We simulate data for an experiment with the following design:

-   Six biological replicates (plates), indexed by $p = 1, 2, \dots, 6$.

-   Three technical replicates (wells) per treatment per plate, indexed
    by $t = 1, 2, 3$.

-   30 cells per well.

-   Seven treatment groups ($t = \{1, \dots, 7\}$) with fixed effects
    $\delta_t = [-0.4, -0.2, -0.1, 0, 0.1, 0.2, 0.4]$.

-   Biological replicate variability: $\sigma_{\text{bio}} = 0.1$.

-   Technical replicate variability: $\sigma_{\text{tech}} = 0.05$.

## Model specification

### Setting $\alpha_p$

Plate-specific batch effects are modeled by drawing the plate offset
$\alpha_p$ from a normal distribution:

$$
\alpha_p \sim \text{Normal}(1.7, 0.1)
$$

Here, $\alpha_p$ represents the log-transformed mean velocity of the
control treatment on plate $p$. The mean (1.7) and standard deviation
(0.1) are chosen based on experimental data. If batch effects are
minimal, the standard deviation can be set to a smaller value (e.g.,
0.01).

### Setting $\kappa_w$

The velocities in each well are gamma distributed, and the gamma
distribution is defined by a rate and shape parameter. The shape
parameter for well $w$, $\kappa_w$, controls the form or skewness of the
distribution and, to some extent, the variability in the data.

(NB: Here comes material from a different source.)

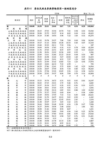 表E1-1 原住民族未參與勞動原因-按地區別分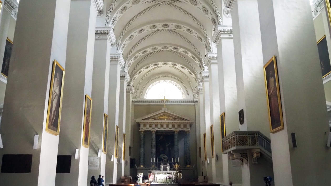 Jedenfalls wurde aus dem Waldweg auf polnischer Seite jetzt eine neue und frisch geteerte, aber völlig leere Landstraße, die aber nach anderthalb Kilometern zu einer ewig langen Baustelle wurde, an der ich aber immerhin gut entlangfahren konnte. Aber auch Kopfsteinpflaster blieb mir nicht erspart. In Kapčiamiestis konnte ich wieder für Euro im dörflichen Supermarkt einkaufen und erkannte sofort, dass die Preise eher denen in Deutschland ähneln als den wesentlich günstigeren in Polen. Hier wurde mir wieder bewusst, wie fremd mir litauisch ist. Kein einziges Wort, das mich an irgendetwas aus einer slawischen, romanischen oder indogermanischen Sprache erinnert. Zum Glück verstehen die meisten Menschen wenigstens etwas Englisch. Nach einer Mittagspause am Marktplatz ging es weiter bis Leipalingis, wo ich plante eventuell an einem kleinen See zu zelten, aber mir war nicht nach wild zelten am Ortsrand, ohne dass ich das Wasser im See wegen des Schilfgürtels erreichen konnte. Einen Campingplatz ortete ich abseits meiner Route 17 km südlich und machte mich auf den Weg. Ich kam an einer wunderschönen spätklassizistischen Kirche vorbei, die ich aber wegen einer gerade stattfindenden Messe nur von de Tür aus innen anschaute. Dann geriet ich aber auf eine so irre Schotterstrecke, so dass ich nach wenigen Kilometern aufgab und kehrt machte. Die ideale Strecke für Gravel-Fans, zu denen ich mit meiner Ausstattung nicht gehöre. Da in Litauen Zelten überall erlaubt ist, wo es nicht ausdrücklich verboten ist, wollte ich eine andere Lösung suchen.

We simulate the values of $\log(\kappa_w)$ by drawing randomly from a
normal distribution with mean ($\mu_{\kappa}$) and standard deviation
(${\sigma}_{\kappa}$). The values of $\mu_{\kappa}$ and
${\sigma}_{\kappa}$ can either be fixed to point values, or be drawn
from two normal distributions whose means and standard deviations are
described by the inputs `prior_kappa_mu_M`, `prior_kappa_sigma_M`,
`prior_kappa_mu_SD`, and `prior_kappa_sigma_SD`. To fix the values of
$\mu_{\kappa}$ and ${\sigma}_{\kappa}$ to point estimates set the scales
to small values (e.g., set in `control` `prior_kappa_mu_SD`=0.01 and
`prior_kappa_sigma_SD`).

### Defining the offset

To correct for batch effects across plates, we designate one treatment
as the reference (offset). Here, we set the offset to treatment 4 (i.e.,
the fourth treatment group, which has $\delta_t = 0$).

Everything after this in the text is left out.